> [Prompt] Which lines run from the start of the material below through the line containing "We worked in"? Retype them exactly, pictures excluded.

> [Task inputs]
———
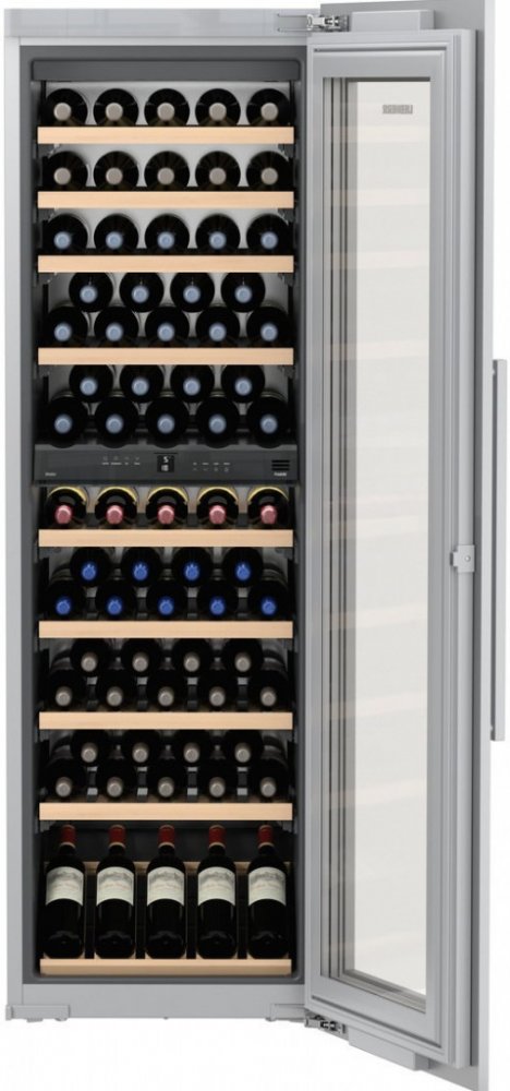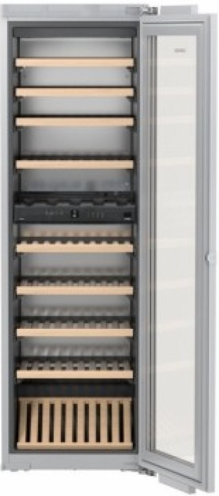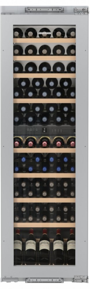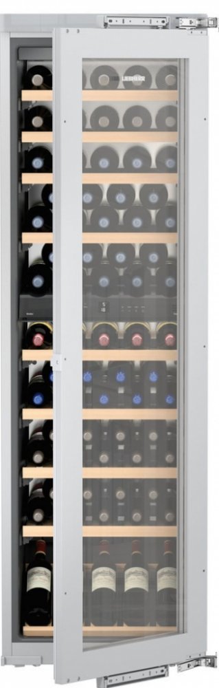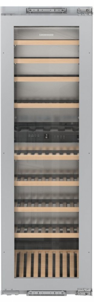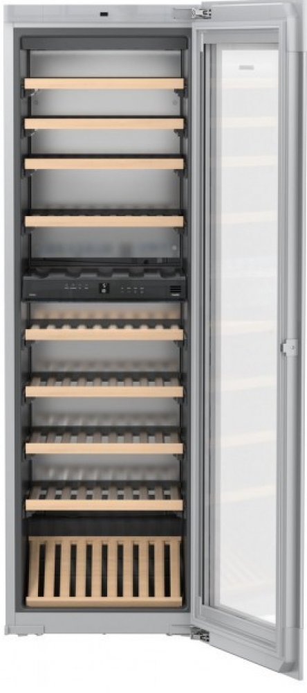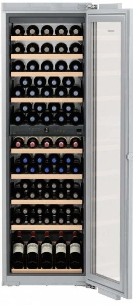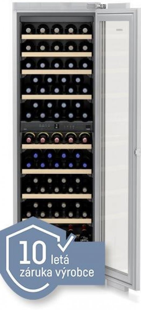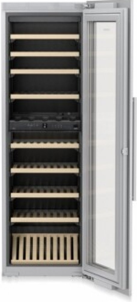 Vestavná temperovaná chladnička na víno - dvouzónová, Objem 259l, 80 lahví, 32dB(A), 10x police, 8x teleskopické pojezdy, rošty z bukového dřeva, příprava pro nábytkový rám nebo nerez rám
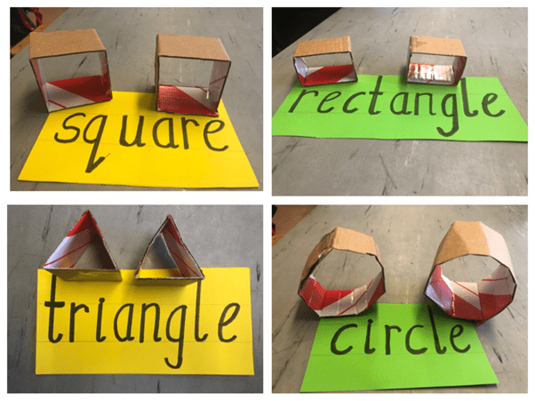 We worked in teams to construct bridges that would hold at least 4 toy cars. Our first step was to test shapes made out of cardboard to see which shapes would be the strongest to use in our designs. We made predictions before we tested. We discovered that the triangle was the strongest shape.
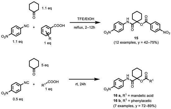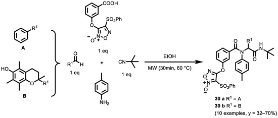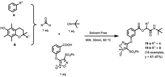 In 2019, Ingold et al. [128] focused their attention on a library of NO-donor compounds through the Ugi Reaction (illustrated in the next paragraph) and the Passerini reaction with optimized yields under green chemistry conditions (Scheme 7). Nitroxyl or furoxanyl groups were incorporated into the carboxylic acid component to evaluate whether the position of the NO-donor moiety plays a fundamental role in the biological activity compared to the previous series and, thus, to explore the chemical space in search of new chemotypes with improved antitumor activity. The use of green solvents, such as water or ethanol, either at room temperature or under microwave irradiation (MW) was productive and it was also observed that the reaction could be performed under solvent-free conditions, using MW irradiation, ultrasound or conventional heating. The authors have selected as our standardized conditions: neat with MW irradiation in a closed vessel for 30 min at 60 °C.
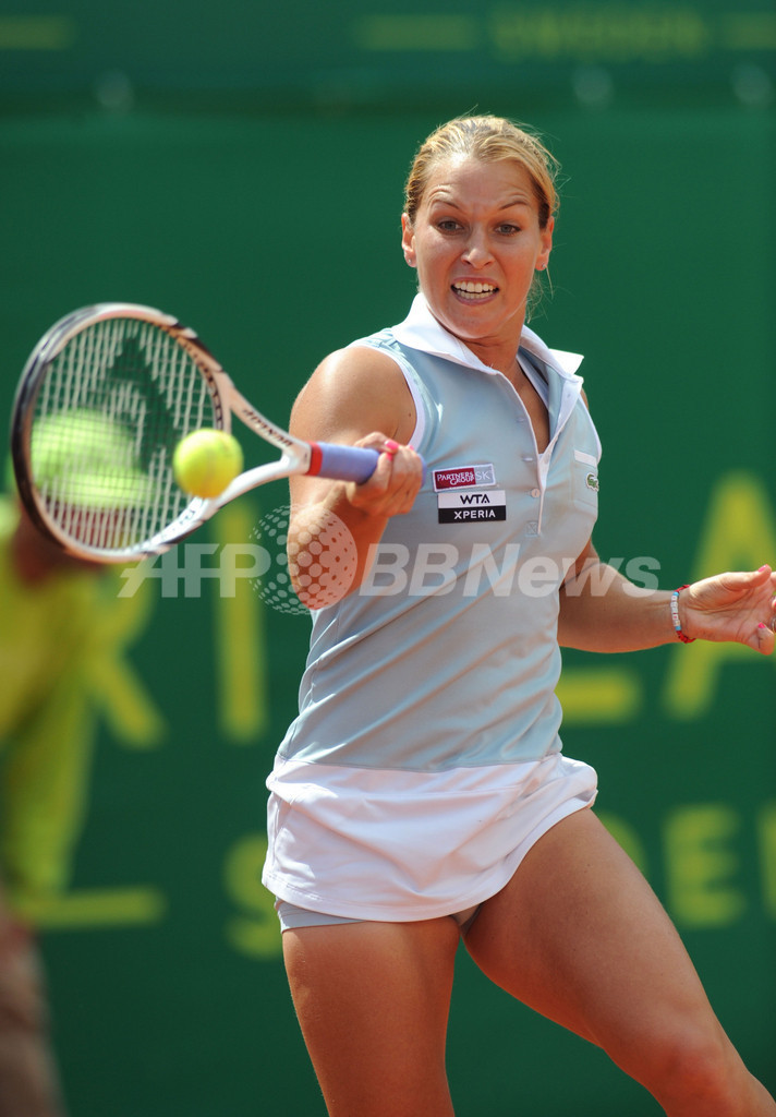 リターンを打つドミニカ・チブルコワ(2012年4月15日撮影)。(c)AFP/SERGIO CARMONA
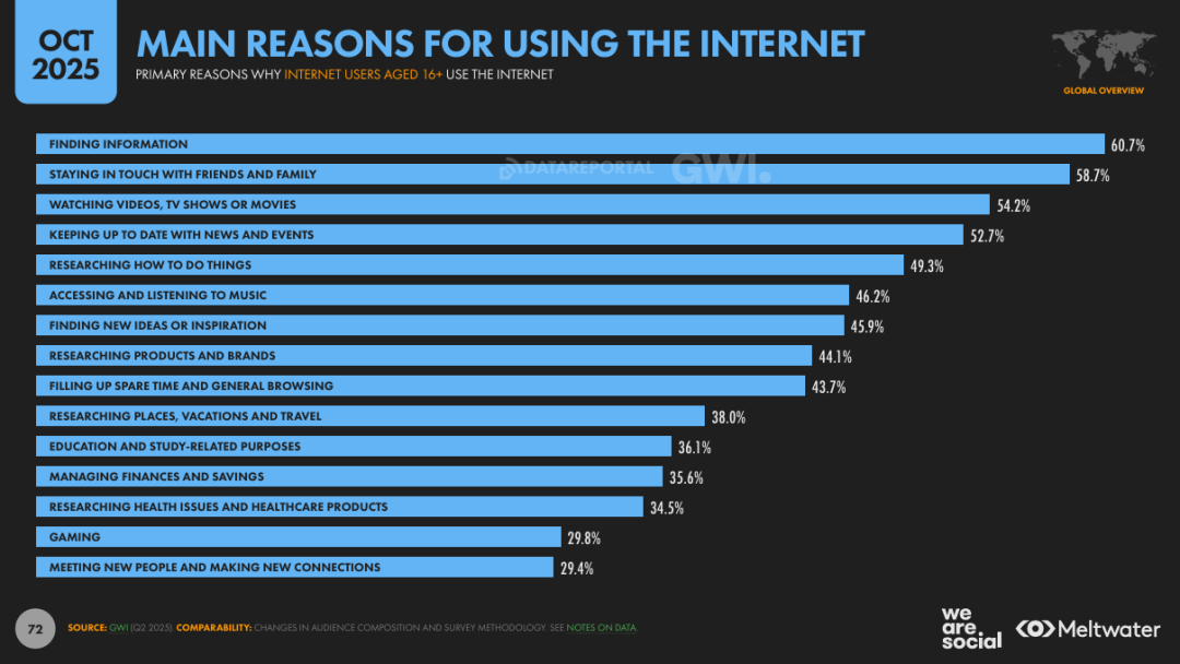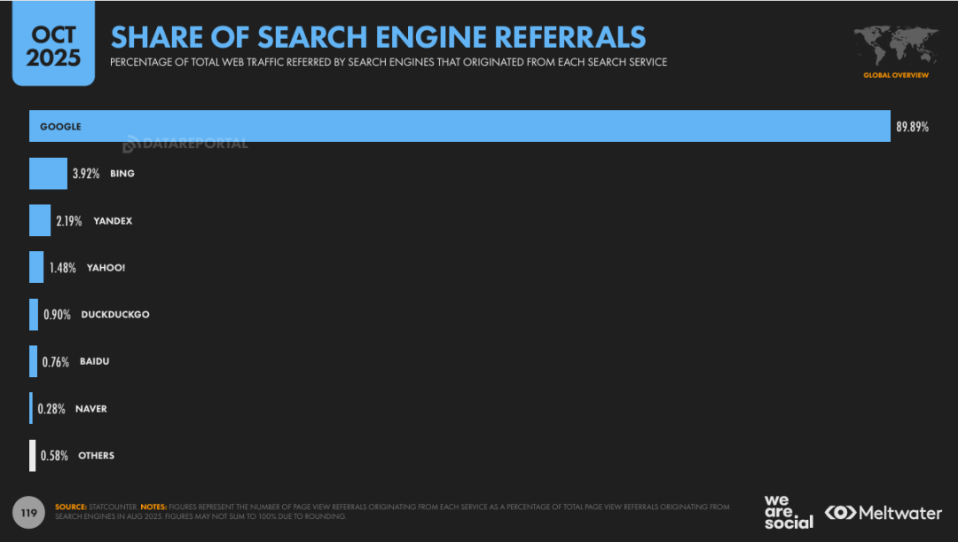 先看基础盘:报告指出,60.7%的用户将“查找信息”列为上网首要动机,其中一半多用于研究品牌或产品。全球搜索流量中,Google占89.89%, Bing(3.92%)、Yandex(2.19%)分列二三位,但值得注意的是俄罗斯(Yandex)、中国(百度)等特殊市场需调整。
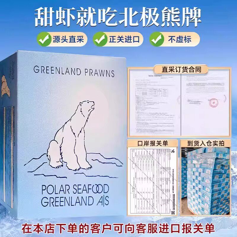 北极甜虾北极熊北极虾刺身头籽生鲜特大号冰虾新鲜冷冻即食旗舰店
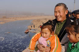 12月9日,在“引黃濟(jì)淀”黃河水入淀現(xiàn)場(chǎng),任丘市大樹(shù)留莊村民李玉山帶著孫女觀看黃河水入淀。
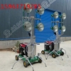 4.操作方便 通过无线遥控可在50米范围内分别控制每盏灯的开启和关闭,使用电动或手动气泵可快速控制伸缩气缸的升降。 5.适应场所 灯具下部气缸选用可调式三脚支架支撑,在不超过15°的斜坡、碎石路面及面积狭窄的地方能可靠固定。
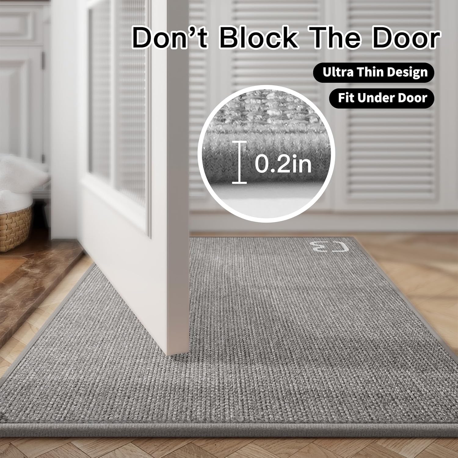 Ultra Thin Braided Bathroom Rugs Bath Mat Non Slip Washable, Rubber Backing Super Absorbent Thin Bathroom Rug Fit Under Door, Quick Dry Entrance Bath Rug Shower Floor Mat, Gray 20"x32"
———
> [Reply]
 Vestavná temperovaná chladnička na víno - dvouzónová, Objem 259l, 80 lahví, 32dB(A), 10x police, 8x teleskopické pojezdy, rošty z bukového dřeva, příprava pro nábytkový rám nebo nerez rám
 We worked in teams to construct bridges that would hold at least 4 toy cars. Our first step was to test shapes made out of cardboard to see which shapes would be the strongest to use in our designs. We made predictions before we tested. We discovered that the triangle was the strongest shape.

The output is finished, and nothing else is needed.